▸ **Supplied material**

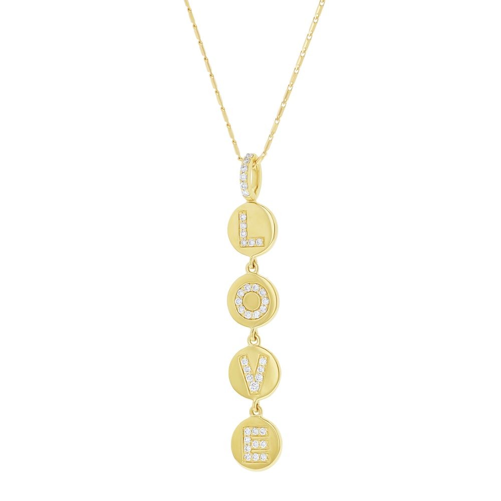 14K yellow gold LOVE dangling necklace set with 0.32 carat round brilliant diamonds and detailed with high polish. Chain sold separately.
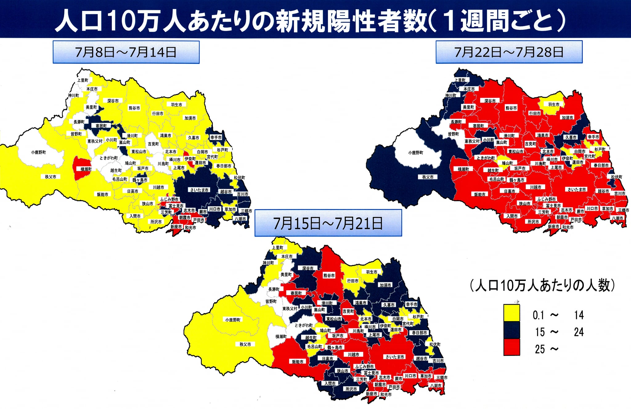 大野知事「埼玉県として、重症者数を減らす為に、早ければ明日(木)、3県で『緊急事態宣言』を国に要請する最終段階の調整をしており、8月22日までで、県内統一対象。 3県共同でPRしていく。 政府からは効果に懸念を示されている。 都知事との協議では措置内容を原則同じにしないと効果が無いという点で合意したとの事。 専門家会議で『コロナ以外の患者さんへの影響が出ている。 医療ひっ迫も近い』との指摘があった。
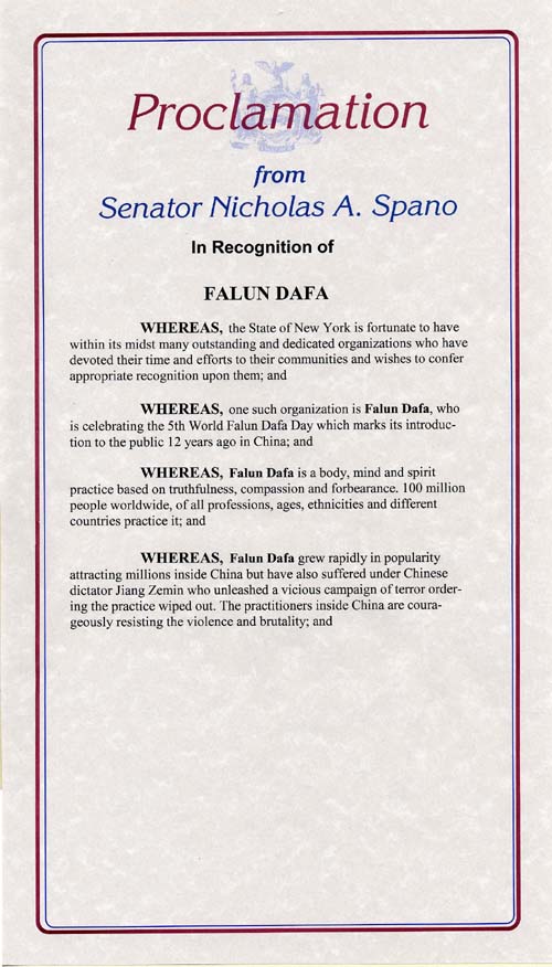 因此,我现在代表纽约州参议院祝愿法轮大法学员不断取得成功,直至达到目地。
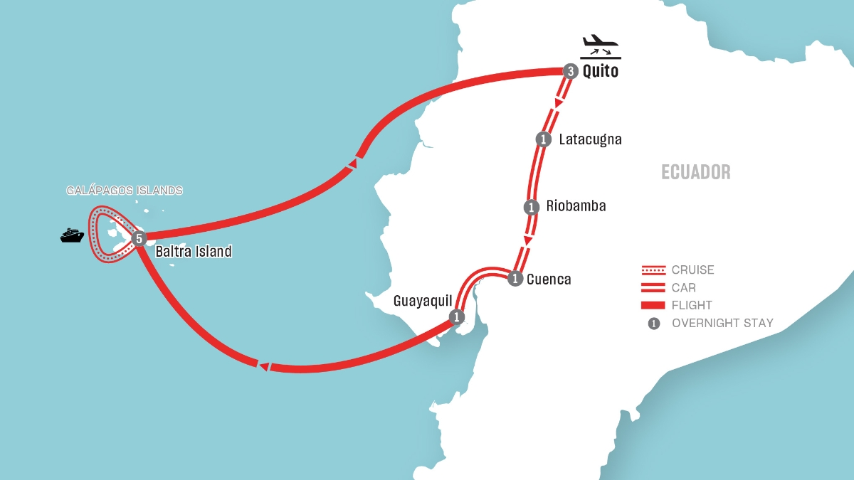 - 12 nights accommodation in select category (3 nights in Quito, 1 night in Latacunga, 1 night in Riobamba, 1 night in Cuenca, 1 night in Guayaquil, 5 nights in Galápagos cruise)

▸ **Assigned task**
Leave every picture out, and reproduce exactly the lines from the line bearing "因此,我现在代表纽约州参议院祝愿法轮大法学员不断取得成功,直至达到目地。" through the closing line of the material above.

▸ **Reply**
 因此,我现在代表纽约州参议院祝愿法轮大法学员不断取得成功,直至达到目地。
 - 12 nights accommodation in select category (3 nights in Quito, 1 night in Latacunga, 1 night in Riobamba, 1 night in Cuenca, 1 night in Guayaquil, 5 nights in Galápagos cruise)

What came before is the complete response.